* What is expected: Quote the records beneath, complete and exact. Leave out images.

* Dataset:
=-=-=-=-=
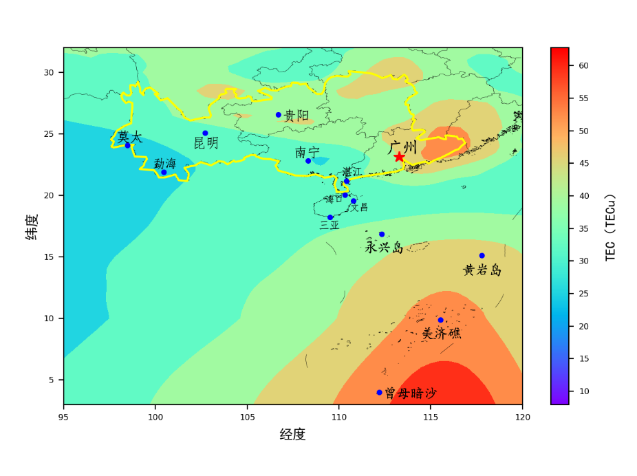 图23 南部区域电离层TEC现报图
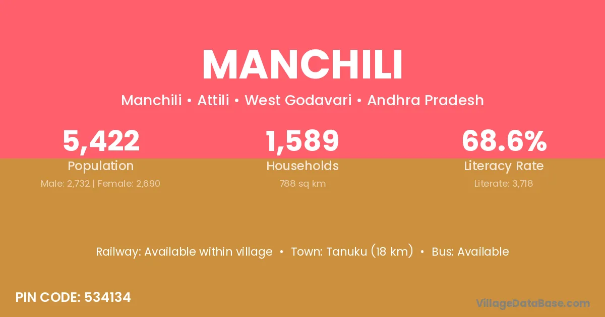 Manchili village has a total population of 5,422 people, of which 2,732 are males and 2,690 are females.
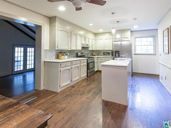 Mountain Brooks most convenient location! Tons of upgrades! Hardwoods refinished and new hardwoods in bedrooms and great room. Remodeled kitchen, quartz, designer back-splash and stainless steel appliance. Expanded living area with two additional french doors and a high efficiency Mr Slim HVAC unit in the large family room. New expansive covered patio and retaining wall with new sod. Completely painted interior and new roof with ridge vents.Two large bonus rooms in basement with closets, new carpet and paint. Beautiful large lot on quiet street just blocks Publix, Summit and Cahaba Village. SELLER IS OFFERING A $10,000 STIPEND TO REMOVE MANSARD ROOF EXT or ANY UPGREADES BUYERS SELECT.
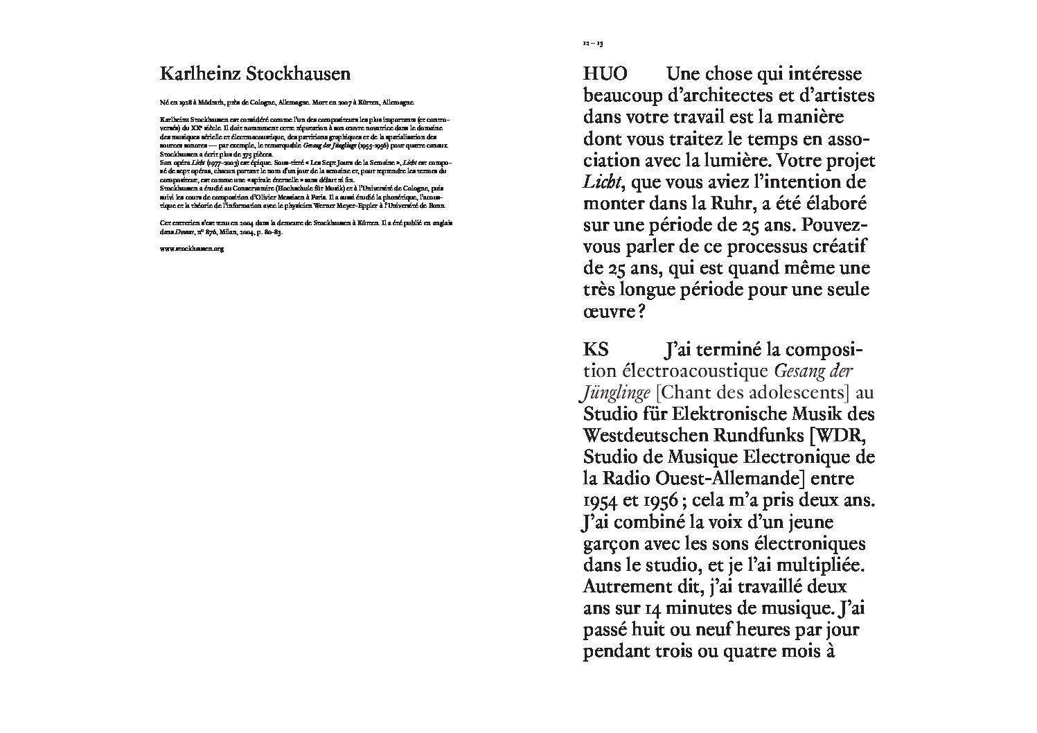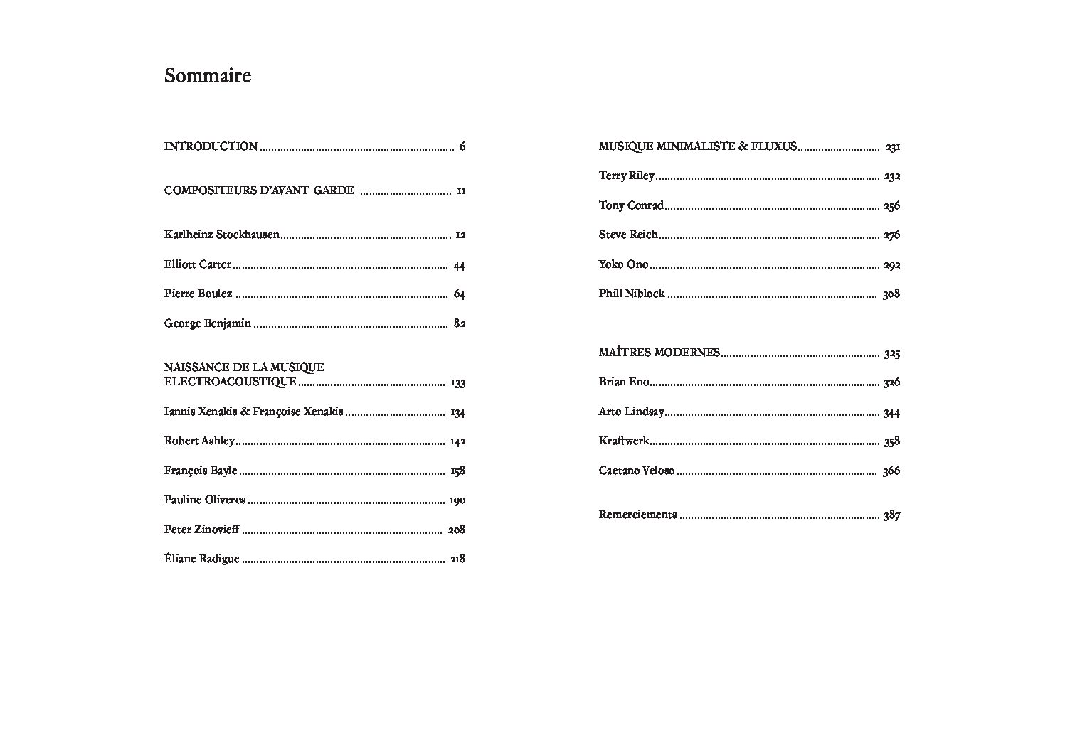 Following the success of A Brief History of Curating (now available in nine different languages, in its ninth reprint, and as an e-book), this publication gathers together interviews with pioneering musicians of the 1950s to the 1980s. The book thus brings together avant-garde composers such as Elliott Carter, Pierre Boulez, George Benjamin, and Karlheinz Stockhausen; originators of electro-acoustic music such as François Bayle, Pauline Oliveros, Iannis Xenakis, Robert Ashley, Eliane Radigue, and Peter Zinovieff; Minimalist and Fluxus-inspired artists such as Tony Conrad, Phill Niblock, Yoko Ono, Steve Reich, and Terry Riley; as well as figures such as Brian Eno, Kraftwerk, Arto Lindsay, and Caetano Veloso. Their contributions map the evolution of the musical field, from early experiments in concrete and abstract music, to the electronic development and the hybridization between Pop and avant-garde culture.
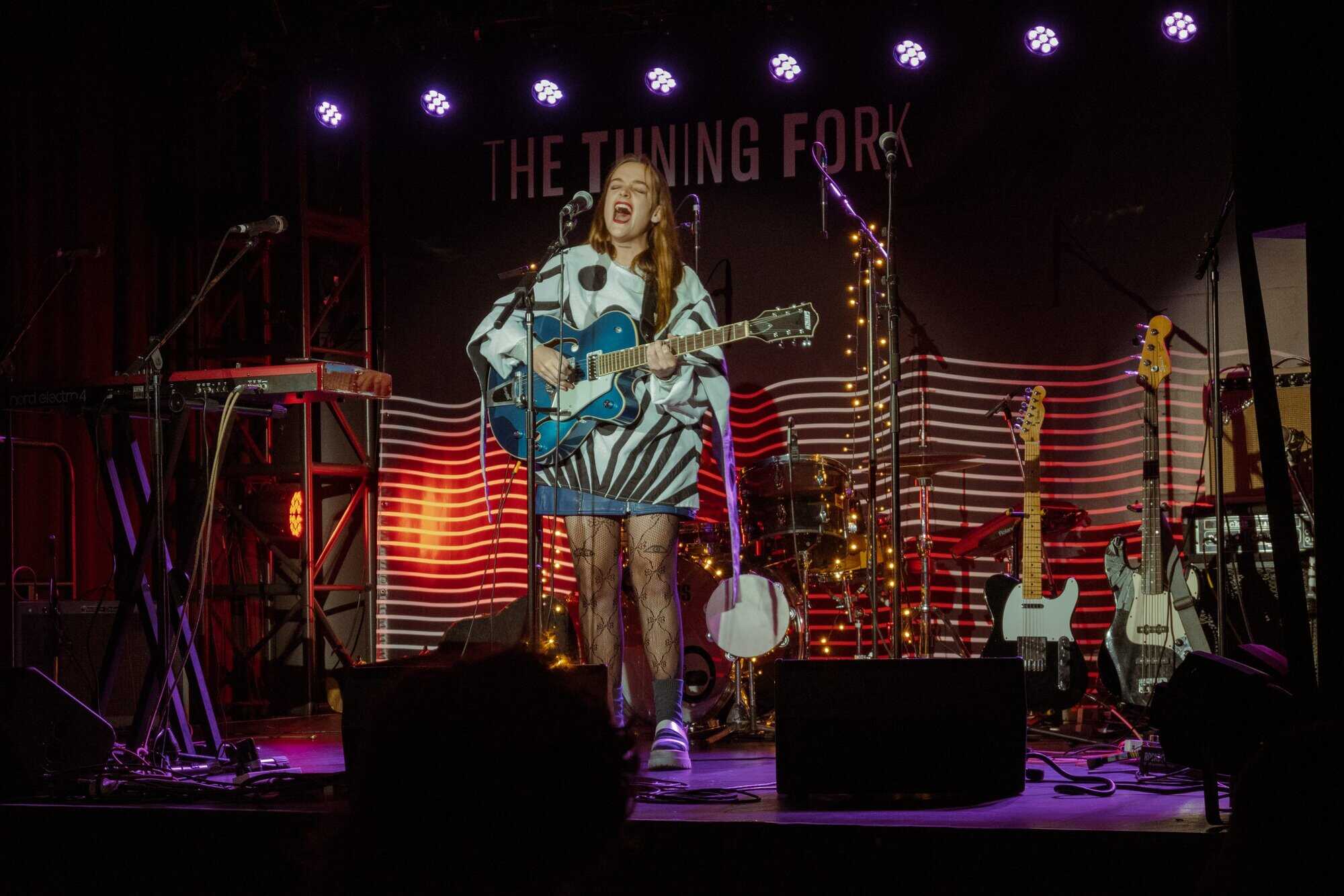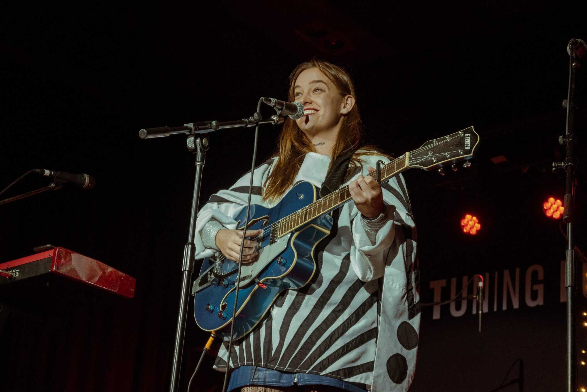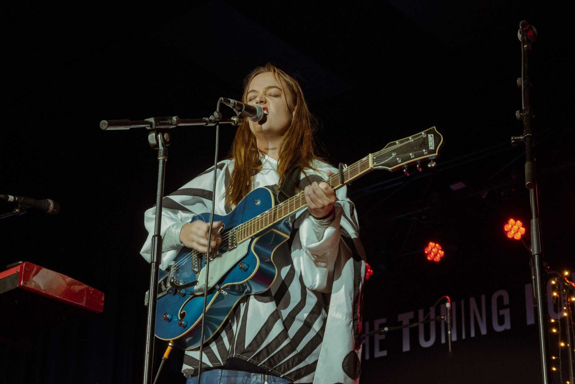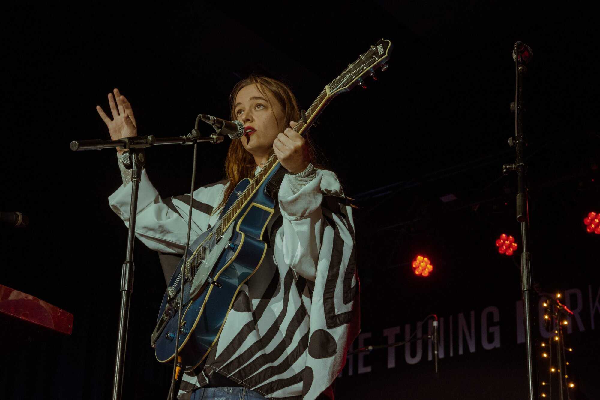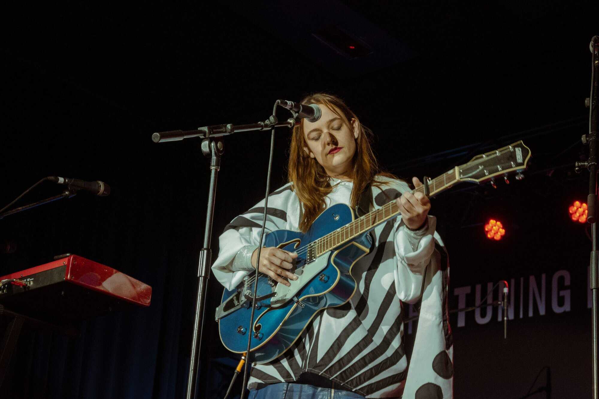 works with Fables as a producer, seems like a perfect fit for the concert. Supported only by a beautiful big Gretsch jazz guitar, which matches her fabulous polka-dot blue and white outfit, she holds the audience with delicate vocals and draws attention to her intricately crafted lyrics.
=-=-=-=-=
* Response for this exercise:
 图23 南部区域电离层TEC现报图
 Manchili village has a total population of 5,422 people, of which 2,732 are males and 2,690 are females.
 Mountain Brooks most convenient location! Tons of upgrades! Hardwoods refinished and new hardwoods in bedrooms and great room. Remodeled kitchen, quartz, designer back-splash and stainless steel appliance. Expanded living area with two additional french doors and a high efficiency Mr Slim HVAC unit in the large family room. New expansive covered patio and retaining wall with new sod. Completely painted interior and new roof with ridge vents.Two large bonus rooms in basement with closets, new carpet and paint. Beautiful large lot on quiet street just blocks Publix, Summit and Cahaba Village. SELLER IS OFFERING A $10,000 STIPEND TO REMOVE MANSARD ROOF EXT or ANY UPGREADES BUYERS SELECT.
 Following the success of A Brief History of Curating (now available in nine different languages, in its ninth reprint, and as an e-book), this publication gathers together interviews with pioneering musicians of the 1950s to the 1980s. The book thus brings together avant-garde composers such as Elliott Carter, Pierre Boulez, George Benjamin, and Karlheinz Stockhausen; originators of electro-acoustic music such as François Bayle, Pauline Oliveros, Iannis Xenakis, Robert Ashley, Eliane Radigue, and Peter Zinovieff; Minimalist and Fluxus-inspired artists such as Tony Conrad, Phill Niblock, Yoko Ono, Steve Reich, and Terry Riley; as well as figures such as Brian Eno, Kraftwerk, Arto Lindsay, and Caetano Veloso. Their contributions map the evolution of the musical field, from early experiments in concrete and abstract music, to the electronic development and the hybridization between Pop and avant-garde culture.
 works with Fables as a producer, seems like a perfect fit for the concert. Supported only by a beautiful big Gretsch jazz guitar, which matches her fabulous polka-dot blue and white outfit, she holds the audience with delicate vocals and draws attention to her intricately crafted lyrics.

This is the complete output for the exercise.